Items from a dataset
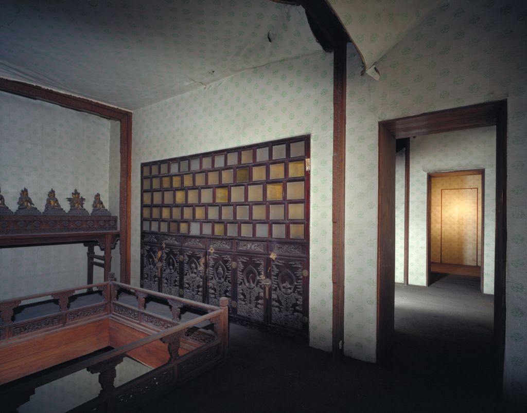 楼上明间原供木雕金漆宗喀巴像,三面墙壁挂释迦画传、宗喀巴画传唐卡。其余6间正面设供案,供显、密主尊像,每室9尊,共54尊,与楼下6室所供54尊护法神像相对应;两侧面设壁嵌式千佛龛,每间供小铜像122尊,6室共计732尊;千佛龛下为壁隔式紫檀木经柜,藏贮各种佛经。
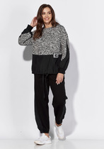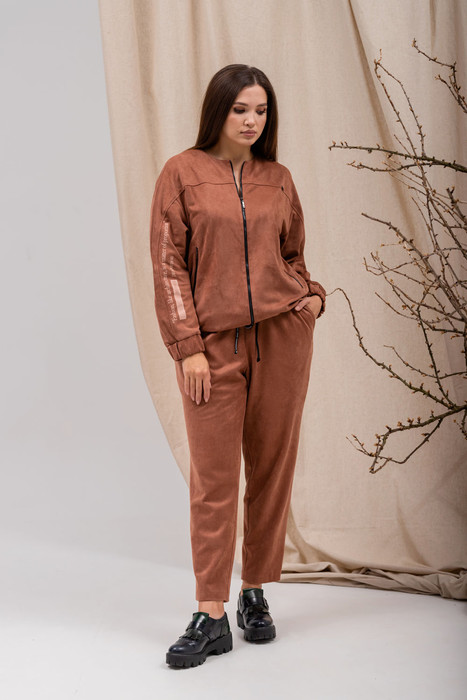 Костюм женский свободного силуэта состоит из джемпера и брюк.  Перёд джемпера застёгивается на металлическую молнию. Цельнокроеные рукава реглан с подрезами переходят в кокетки переда и спинки. Прорезные карманы переда застёгивается на металлическую молнию. Горловина круглая. Низ джемпера и низ рукавов на резинке.
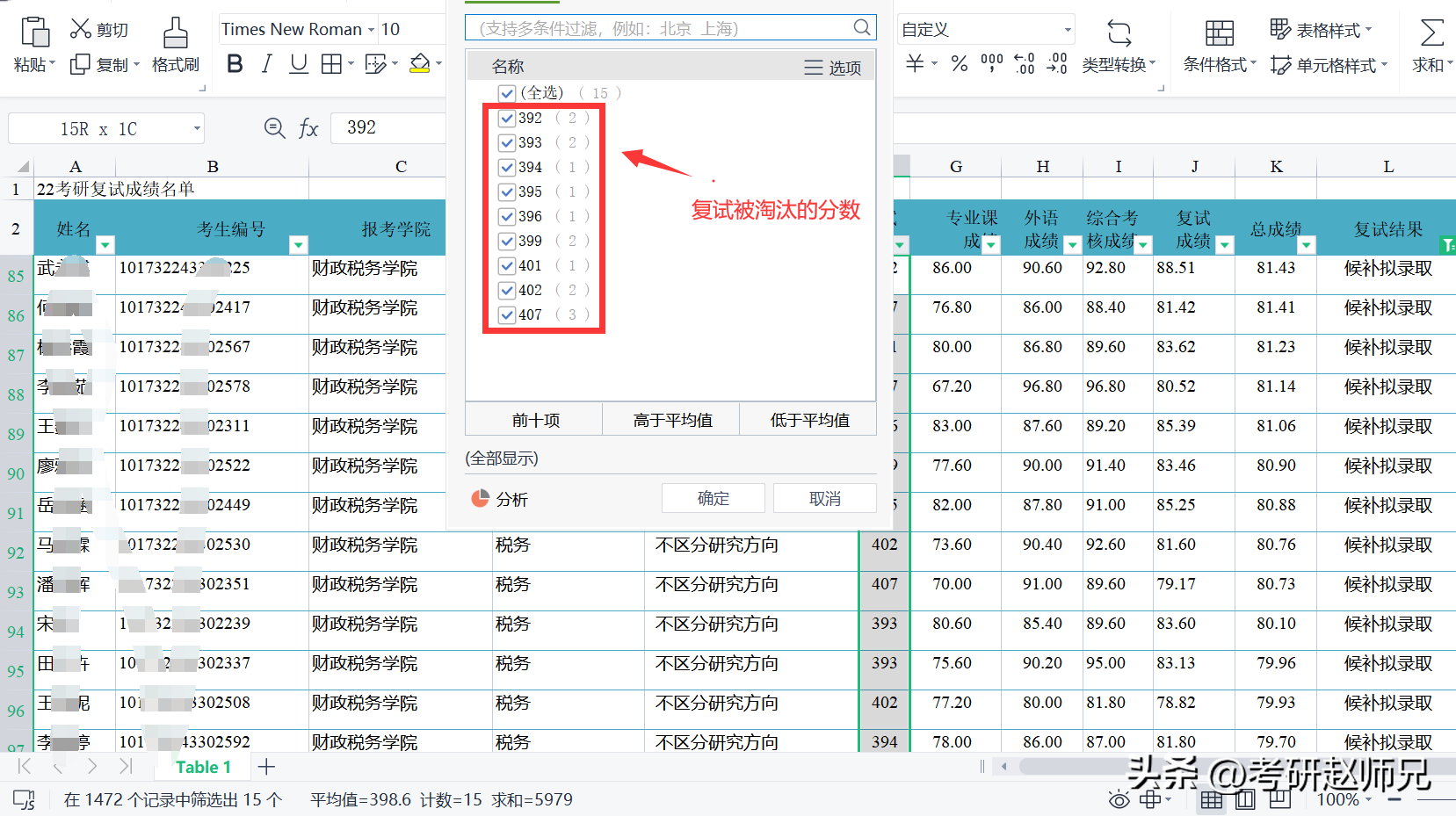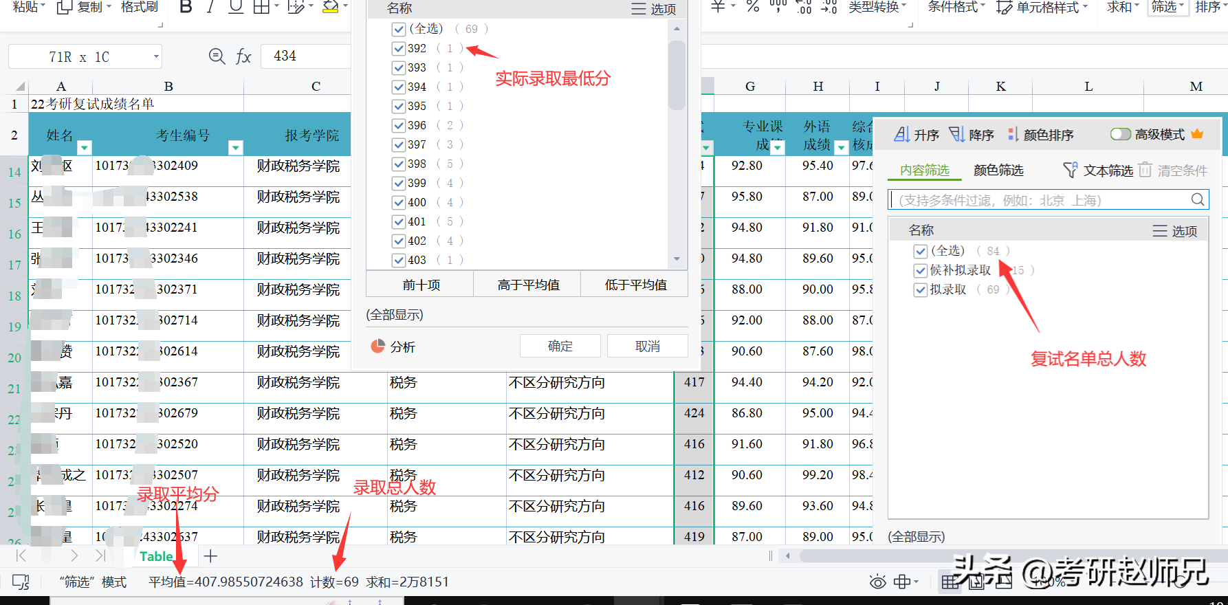 从下表看到没有调剂,一志愿总共进入59人,淘汰12人,最低分372分,平均分389分。
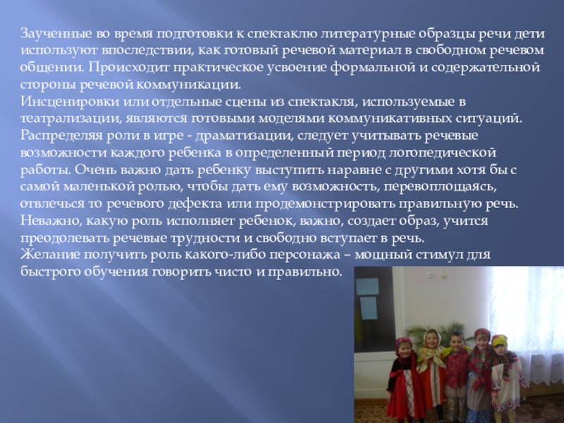 Слайд 9Заученные во время подготовки к спектаклю литературные образцы речи дети используют
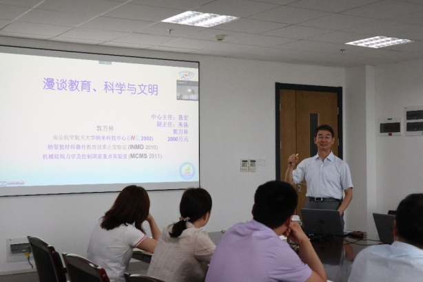 孙建红代表全院师生对郭万林院士不辞辛劳莅临指导表示最诚挚的感谢!并简要介绍了郭万林院士在三维断裂力学、纳米材料与水伏材料、生命科学等领域开拓性的研究,以及人才培养的丰硕成果。
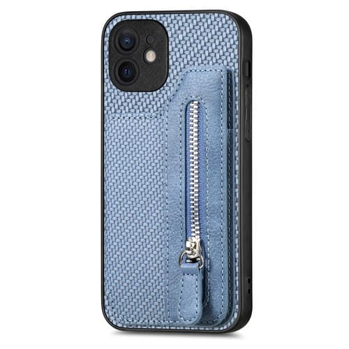 Funda de teléfono para iPhone 12 Mini con cremallera y tapa horizontal de fibra de carbono (Azul)
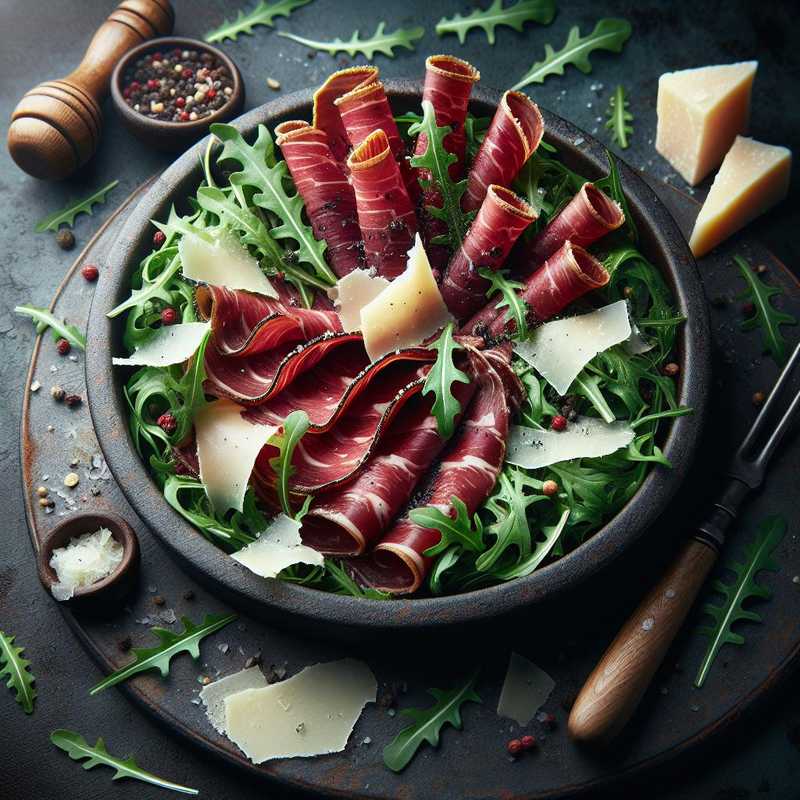 La bresaola è una carne bovina essiccata e stagionata tipica della Valtellina, una valle alpina della Lombardia. È apprezzata per il suo sapore delicato e la sua bassa quantità di grassi. L’abbinamento con la rucola e il parmigiano-reggiano ne esalta il gusto grazie al contrasto tra la dolcezza e la leggera piccantezza della rucola e la sapidità distintiva del parmigiano.
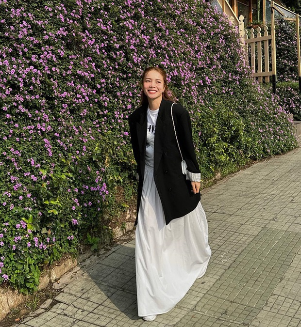 Đi du lịch tại Đà Lạt, Yến Trang diện bộ trang phục phù hợp với thời tiết se lạnh gồm áo thun, chân váy trắng và blazer dáng rộng khoác ngoài. Set đồ này vừa có sự trẻ trung, thời thượng, vừa ghi điểm thanh lịch. Yến Trang còn chọn kiểu tóc buộc nửa rất nữ tính và yêu kiều để vẻ ngoài thêm nổi bật.
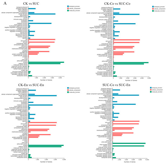 GO analysis was used to classify the functions of the annotated DEGs with sucrose treatment. According to the GO classification, all DEGs were divided into three functional categories: molecular function, cellular component, and biological process, with 54 functional groups in total. As is shown in Figure 4A, in the CK vs. SUC group, a total of 39,345 unigenes were annotated, of which ‘Binding’ and ‘Catalytic activity’ were the two subclasses with the highest proportion, including 4496 and 4039 unigenes, respectively. Comparing CK-Co with SUC-Co, there were 42,671 unigenes annotated. Among them, in the classification of molecular function, cellular components, and biological process, the subclasses of ‘Binding’, ‘Cell’, and ‘Cellular process’ occupied the majority, involving 4924, 3733, and 3654 unigenes, respectively. The results of GO annotation of the remaining two groups were similar to the CK-Co vs. SUC-Co group.
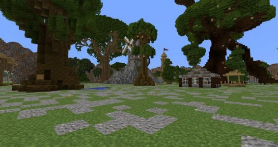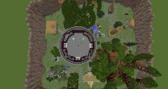Постройка: Огромная арена представляет собой огромный комплекс, огороженный каменными стенами. Внутри находится несколько башен, деревья, водоемы и основная арена для битв, которая висит в воздухе. Площадь поля позволяет вмещать в себе до 50 игроков, и по этой причине подойдет для организации масштабных ивентов.
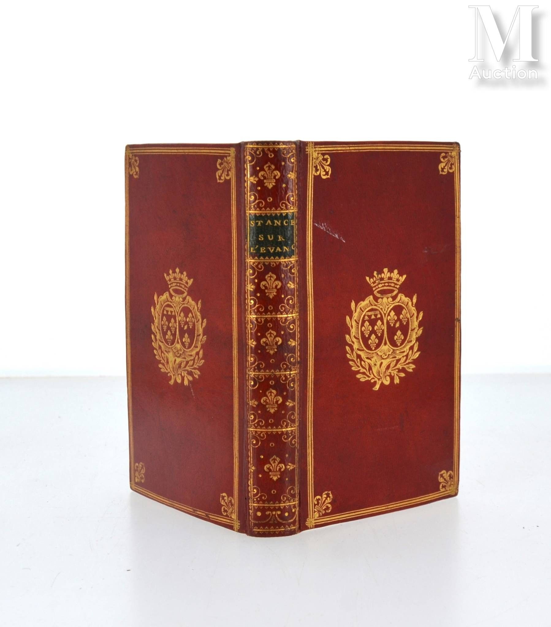 LAPÉROUZE (l'abbé de). Stances sur l'Évangile, divisées en six chants; avec des Cantiques, à l'usage de la Jeunesse Chrétienne. Paris, Charles-Pierre Berton, 1771. In-12, red morocco, triple gilt fillet, fleur-de-lis in the corners, coat-of-arms in the centre, smooth spine decorated, fleur-de-lis repeated, interior roulette, gilt edges (Period binding).

• DIRECTIONS: Make an exact copy of the lines above, beginning with the line with "La bresaola è" and ending with the line with "Постройка: Огромная арена", and keep the pictures out of it.

• SOLUTION TO THIS EXERCISE:
 La bresaola è una carne bovina essiccata e stagionata tipica della Valtellina, una valle alpina della Lombardia. È apprezzata per il suo sapore delicato e la sua bassa quantità di grassi. L’abbinamento con la rucola e il parmigiano-reggiano ne esalta il gusto grazie al contrasto tra la dolcezza e la leggera piccantezza della rucola e la sapidità distintiva del parmigiano.
 Đi du lịch tại Đà Lạt, Yến Trang diện bộ trang phục phù hợp với thời tiết se lạnh gồm áo thun, chân váy trắng và blazer dáng rộng khoác ngoài. Set đồ này vừa có sự trẻ trung, thời thượng, vừa ghi điểm thanh lịch. Yến Trang còn chọn kiểu tóc buộc nửa rất nữ tính và yêu kiều để vẻ ngoài thêm nổi bật.
 GO analysis was used to classify the functions of the annotated DEGs with sucrose treatment. According to the GO classification, all DEGs were divided into three functional categories: molecular function, cellular component, and biological process, with 54 functional groups in total. As is shown in Figure 4A, in the CK vs. SUC group, a total of 39,345 unigenes were annotated, of which ‘Binding’ and ‘Catalytic activity’ were the two subclasses with the highest proportion, including 4496 and 4039 unigenes, respectively. Comparing CK-Co with SUC-Co, there were 42,671 unigenes annotated. Among them, in the classification of molecular function, cellular components, and biological process, the subclasses of ‘Binding’, ‘Cell’, and ‘Cellular process’ occupied the majority, involving 4924, 3733, and 3654 unigenes, respectively. The results of GO annotation of the remaining two groups were similar to the CK-Co vs. SUC-Co group.
Постройка: Огромная арена представляет собой огромный комплекс, огороженный каменными стенами. Внутри находится несколько башен, деревья, водоемы и основная арена для битв, которая висит в воздухе. Площадь поля позволяет вмещать в себе до 50 игроков, и по этой причине подойдет для организации масштабных ивентов.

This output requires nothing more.